Governo anuncia plano de R$ 1 bilhão para combater crime organizado
Investimento prevê ações em quatro frentes, incluindo combate ao tráfico de armas e reforço do sistema prisional
O governo federal lançará, na próxima terça-feira (12), um plano nacional de combate ao crime organizado, com previsão de investimento de R$ 960 milhões ainda em 2024.
As medidas foram implementadas em conversa entre o presidente Luiz Inácio Lula da Silva e o ex-presidente dos Estados Unidos, Donald Trump, na última quinta-feira (7), durante visita ao país norte-americano.
O público é um dos setores mais criticados da gestão atual e representa o desafio estratégico de segurança para o governo Lula no ano eleitoral. O anúncio do novo plano foi antecipado pela CNN Brasil e confirmado pelo Estadão.
O programa será estruturado em quatro eixos principais:
- Asfixia financeira das organizações criminosas;
- Combate ao tráfico de armas;
- Esclarecimento de homicídios;
- Fortalecimento do sistema prisional.
O combate ao tráfico de armas será tema central na reunião entre Lula e Trump. Segundo o governo brasileiro, o mercado americano exerce papel relevante nesse contexto. O ministro da Justiça e Segurança Pública, Wellington César, acompanhará o presidente na viagem.
"Boa parte das armas que circulam no Brasil são de origem americana, uma parte dos recursos do crime está em contas no exterior. Há Estados americanos que têm regimes fiscais mais brandos", explicou Chico Lucas, secretário Nacional de Segurança Pública, ao Estadão.
De acordo com Lucas, o governo pretende reforçar mecanismos internacionais de cooperação entre Brasil e Estados Unidos, evitando discussões sobre questões internas brasileiras. O Executivo também destacou avanços recentes, como a aprovação da Lei Antifacção e a tramitação da PEC da Segurança.
“O Brasil está atuando, inaugurou novos marcos legais e vai continuar no aprofundamento”, afirmou o secretário.
Em entrevista à GloboNews, o vice-presidente Geraldo Alckmin ressaltou que Lula buscará acordos com os Estados Unidos para o enfrentamento ao crime organizado transnacional. "Podemos fazer muita parceria nessa área: controle de fluxo financeiro, investigação.
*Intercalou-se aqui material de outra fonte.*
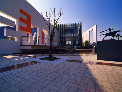 中国中央电视台新楼 中央电视台新楼方案竞赛,以库哈斯的新颖方案脱颖而出而告终。方案的独特形式使人惊呼:“不懂建筑了!”这的确是一幢可以改变人思想的建筑-----它突 破了我们对建筑的理解。或许有人说,在多震区建造这样的一个形体,是多么的不经济啊----但央视50亿的预算已放在那儿了。也许有人说,这种形式每个学 过构成的人都做得出来啊----但历史似乎总是证明,给予总垂青于有见地的先行者。这里,不拟对该建筑作深入的评论,只以此为例,分析库哈斯的创作个案。 与以往从功能上进行反思不同,库哈斯在央视方案中从形式逻辑的角度入手进行分析。库哈斯认为,在摩天楼的创作中,“大多数只是按照预先的方式进行布置,在 其中进行的只是惯常的活动。”他洞察到,摩天楼创作中“裙楼----中部韵律布置----顶部”这种模式已成为定式,应该有新的创作逻辑与思路。同时,在 对摩天楼高度的认识上,他认为不必“参与对终极高度的无谓竞争”,而应建造“具有象征意味的建筑群”。 基于对建筑形式和建筑高度两方面的认识,库哈斯创造了一个环状的形式----一个在竖直方向呈6度斜角的方状环形.这种造型既从形式上化解了传统的三段式 模式,还设计出一种新的上下贯穿一气的形体。从动画上来看,建筑在竖直方向上确有一种进深感,这种进深感大大区别于以往摩天楼“高耸入云”的形象。旧建筑 的搭建形式来看,比之德方斯拱门和原广司的东京大楼,这幢建筑更具水平方向的立体感;比起艾森曼的环形大厦,则更显出纯净感和现代感。这幢楼也延续着库哈 斯的某些一贯手法:倾斜的玻璃幕墙、现代建筑的体块感及不大的高宽比例。相应的,它对环形形式与“促进团结、加强协作”之间关系的说明,则明显的缺少建筑 上的说服力。同时,它出现在北京这样一个古都中,和以往的建筑形象有着极大的不调和性。多少使我们对北京未来的城市形象多了一层疑惑----我们的北京是 否会变得如库哈斯所说的“拼接城市”呢?如果这样,这座建筑也许将会成为拼接层次中最为新奇的一个片断。应该说,这幢建筑不仅是库哈斯的一项建筑实践,更 是其城市理论在北京的实验。

Esse é um tema extremamente relevante", destacou Alckmin.
Sobre a asfixia financeira, a estratégia do governo é descapitalizar as organizações criminosas, tornando a atividade menos atrativa. O objetivo é impedir o lucro das facções e promover a perda de bens adquiridos com o crime.
Para isso, haverá reforço nos serviços de inteligência, com aquisição de equipamentos de última geração e ampliação do Comitê Integrado de Investigação Financeira e Recuperação de Ativos (CIIFRA), criado em 2023 para atuar em crimes financeiros e lavagem de dinheiro no Rio de Janeiro. O comitê será expandido para outros estados.
No eixo de fortalecimento do sistema prisional, a meta é aprimorar as estruturas dos presídios estaduais. Atualmente, o Brasil conta com apenas cinco presídios federais de segurança máxima, enquanto cerca de 1.300 unidades estaduais frequentemente carecem de infraestrutura adequada para isolar crimes de alta periculosidade.
“Queremos equipar os presídios com mais detentos ligados ao crime organizado com tecnologia necessária para manter-los isolados”, afirmou o secretário.
O investimento de aproximadamente R$ 1 bilhão já foi autorizado por meio de crédito suplementar publicado no Diário Oficial da União na semana passada. Parte dos recursos será destinada ao Fundo Nacional de Segurança Pública e outra ao Fundo Penitenciário Nacional. O Ministério já iniciou os trâmites para aquisição de viaturas, drones, pistolas e outros equipamentos.
Segundo o secretário, a iniciativa amplia ações de gestões anteriores, como o Programa Nacional de Enfrentamento às Organizações Criminosas, lançado na gestão do ex-ministro Flávio Dino, aprofundando-as sob perspectiva mais operacional.
“É lógico que não vai haver uma solução mágica, imediata, mas temos um grande avanço”, concluiu Chico Lucas.